Date: Mon Mar 14 20:05:30 2011 +0100

oom: oom_kill_process: fix the child_points logic

oom_kill_process() starts with victim_points == 0. This means that
(most likely) any child has more points and can be killed erroneously.

Also, "children has a different mm" doesn't match the reality, we should
check child->mm != t->mm. This check is not exactly correct if t->mm ==
NULL but this doesn't really matter, oom_kill_task() will kill them
anyway.

Note: "Kill all processes sharing p->mm" in oom_kill_task() is wrong
too.

Signed-off-by: Oleg Nesterov <[email protected]>
Signed-off-by: Linus Torvalds <[email protected]>

As a result of this change, the oom killer will no longer attempt to
sacrifice a child of the selected process in favor of the parent unless
its memory usage exceeds the parent (and this will be an unreachable state
once oom-prevent-unnecessary-oom-kills-or-kernel-panics.patch is merged
from -mm).

This means systems running a webserver, for example, will kill the
webserver itself in oom conditions and not one of its threads serving a
connection; simply forking too many client connections in this scenario
would lead to an oom condition that would kill the server instead of one
of its threads.

Admins who find this behavior to cause disruptions in service should apply
the following revert.

Signed-off-by: David Rientjes <[email protected]>
---
diff --git a/mm/oom_kill.c b/mm/oom_kill.c
--- a/mm/oom_kill.c
+++ b/mm/oom_kill.c
@@ -458,10 +458,10 @@ static int oom_kill_process(struct task_struct *p, gfp_t gfp_mask, int order,
struct mem_cgroup *mem, nodemask_t *nodemask,
const char *message)
{
- struct task_struct *victim;
+ struct task_struct *victim = p;
struct task_struct *child;
- struct task_struct *t;
- unsigned int victim_points;
+ struct task_struct *t = p;
+ unsigned int victim_points = 0;

if (printk_ratelimit())
dump_header(p, gfp_mask, order, mem, nodemask);
@@ -487,15 +487,10 @@ static int oom_kill_process(struct task_struct *p, gfp_t gfp_mask, int order,
* parent.

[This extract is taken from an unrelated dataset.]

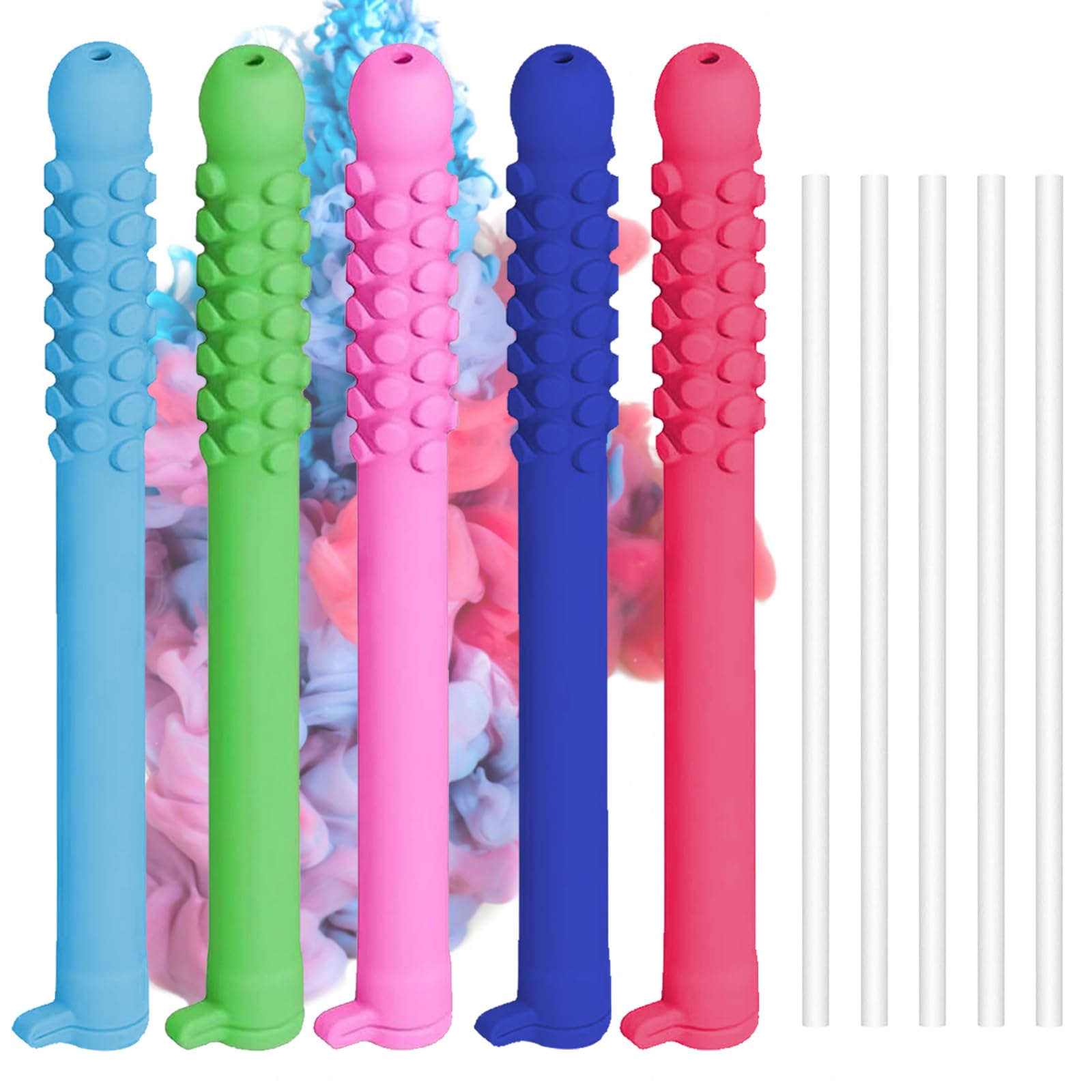 Widely Applicable: This chewable essential oil breath stick not only helps relieve stress and quit smoking, but its soothing aroma and chewing effect can also help correct oral habits such as biting nails or pens. Breathable chewers quit smoking can keep your mouth busy and your breath fresh all day long. Safe Material: Chewable breathers are made of food-grade silicone, which is non-addictive and does not contain harmful chemicals, so you can use them chew sticks for quitting smoking confidence. Easy to Carry: Our chewable breather is 3.94 inches long and 0.98 inches wide, and weighs only 9 grams. It is small and light enough to fit in a bag, pocket, or desk drawer. Whether you are working, driving, or socializing, you can use flavor sticks quit smoking to stay refreshed and focused. Smoking Cessation Aid: This 5-pack of chewable breather puff bar comes in 5 flavors(5 replacement cores are provided): orange, mint, strawberry, blueberry, and apple. Breathing sticks to quit smoking help smokers quit smoking by satisfying their oral cravings through a variety of flavors while keeping their mouths fresh. Release Stress: Our chewable breather quit smoking is formulated with pure essential oils for natural aromatherapy benefits that help release stress, calm the mind, and improve focus. Health chews chewable breather is ideal for studying, working, or practicing mindfulness!.

This attempts to lose the minimal amount of work done while
* still freeing memory.
*/
- victim_points = oom_badness(p, mem, nodemask, totalpages);
- victim = p;
- t = p;
do {
list_for_each_entry(child, &t->children, sibling) {
unsigned int child_points;

- if (child->mm == t->mm)
- continue;
/*
* oom_badness() returns 0 if the thread is unkillable
*/

2011-03-15 03:14:16

by Steven Rostedt

[permalink] [raw]

Subject: Re: Linux 2.6.38

On Mon, Mar 14, 2011 at 06:49:37PM -0700, Linus Torvalds wrote:
>
> So I'm hoping this ends up being a fairly calm release despite some
> really deep changes like that.

It's so calm, it's like it's not even there.

-- Steve

2011-03-15 04:06:14

by Steven Rostedt

[permalink] [raw]

Subject: Re: Linux 2.6.38

On Mon, Mar 14, 2011 at 08:13:38PM -0700, David Rientjes wrote:
> This kernel includes a broken commit that was merged a couple of hours
> before release:
>
> commit dc1b83ab08f1954335692cdcd499f78c94f4c42a
> Author: Oleg Nesterov <[email protected]>
> Date: Mon Mar 14 20:05:30 2011 +0100
>
> oom: oom_kill_process: fix the child_points logic
>

Don't worry. If you download the patch for 2.6.38, you'll see that the
revert was in the final release.

Woo hoo, ketchup is useful again!

-- Steve

2011-03-15 04:15:36

by Linus Torvalds

[permalink] [raw]

Subject: Re: Linux 2.6.38

On Mon, Mar 14, 2011 at 8:14 PM, Steven Rostedt <[email protected]> wrote:
> On Mon, Mar 14, 2011 at 06:49:37PM -0700, Linus Torvalds wrote:
>>
>> So I'm hoping this ends up being a fairly calm release despite some
>> really deep changes like that.
>
> It's so calm, it's like it's not even there.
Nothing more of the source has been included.